The report said Massey's campus-based enrolments had dropped 14 percent with distance enrolments up three percent. Its Albany campus had 40 percent of the domestic EFTS it had in 2018 and commencing domestics were down 16 percent.
"There remains an urgent need for Massey to identify and understand why domestic enrolments continue to fall and why other universities are growing at their expense. Until this is understood, and strategies put in place to stabilise domestic enrolments, Massey's medium-term sustainability will be at risk," the report said.
Massey vice-chancellor Jan Thomas confirmed domestic enrolments had fallen, but said some of the decline was expected as a result of the university axing courses such as engineering and reducing duplication of courses across its three campuses.
Many of its older students, particularly in distance education, were studying fewer courses, which depressed net enrolment figures, and it was facing more competition for distance education from other universities, she said.
Massey expected its deficit this year would be significantly smaller than the $30m it originally budgeted and it could reach break-even next year - one year earlier than expected.
"We anticipated a break-even in 2026, but I think we'll be knocking at the door of that in 2025. So it's all going very well, it's all quite planned and we are essentially going through this multi-year transformation with all the pain that goes with that so that we can be really a university that's shaped and operating for our future."
Thomas was not expecting the government's review of universities to result in a more money for the sector and Massey was changing its operating model so it was less dependent on government funding.
"I think it's pretty clear that the sector has been chronically underfunded, but I also think the signals are that there will be no more money for universities and so that calls us in management positions at universities to look at other ways that we can generate income," she said.
The commission's high-risk rating for Massey was based on past performance and Thomas said she was confident it was improving.
"The trigger for that risk rating is three years of deficit, which is absolutely accurate, so there's nothing inaccurate about that risk profile. But we also have a plan for both immediate financial recovery and the longer term shape of the university so that we have an operating model that's suitable for, basically, our new world.
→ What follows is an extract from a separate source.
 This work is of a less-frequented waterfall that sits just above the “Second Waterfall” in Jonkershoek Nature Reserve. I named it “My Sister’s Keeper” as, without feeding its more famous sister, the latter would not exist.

We don't have any debt and we have a very strong balance sheet, which we are now starting to activate to drive alternate income for the university," she said.
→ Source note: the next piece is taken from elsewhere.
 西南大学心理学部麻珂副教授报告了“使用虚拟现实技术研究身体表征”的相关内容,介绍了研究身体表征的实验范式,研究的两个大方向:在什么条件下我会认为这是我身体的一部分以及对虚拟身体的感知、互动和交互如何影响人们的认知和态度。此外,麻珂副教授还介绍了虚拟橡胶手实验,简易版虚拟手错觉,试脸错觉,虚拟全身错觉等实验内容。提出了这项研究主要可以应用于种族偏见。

Victoria University vice-chancellor Nic Smith told RNZ he did not agree that his university was high-risk.
The commission's assessment was based on data from late 2023, and this year enrolments had increased, he said.
Recent enrolment drops were due in part to problems with a new enrolment system and to changing student preferences, with Victoria shrinking while Canterbury grew, he said.
"There's no question that we are now gaining students and gaining market share."
The university had 14,390 students, 218 more than the same time in 2023 thanks to a slight increase in domestic enrolments and an increase in foreign student numbers.
Smith said government funding and student fees had not kept up with inflation and making a surplus had become increasingly difficult. The return of international students would help, but it was not a long-term solution.
"I don't think it's a good long-term strategy. Covid showed that and it wouldn't surprise me if we see another shock again in the medium term in that space."
The government was unlikely to increase university funding significantly so the sector needed to find ways of sharing resources, he said.
"We're too small to not be thinking more carefully about how we share, not just expensive infrastructure in ways that deliver for the country as a whole, but also the intellectual capital that is in institutions."
The university had no further changes planned this year, Smith said. Victoria had halted several capital spending plans, but he did not agree with TEC's warning that it was creating risk by delaying important projects.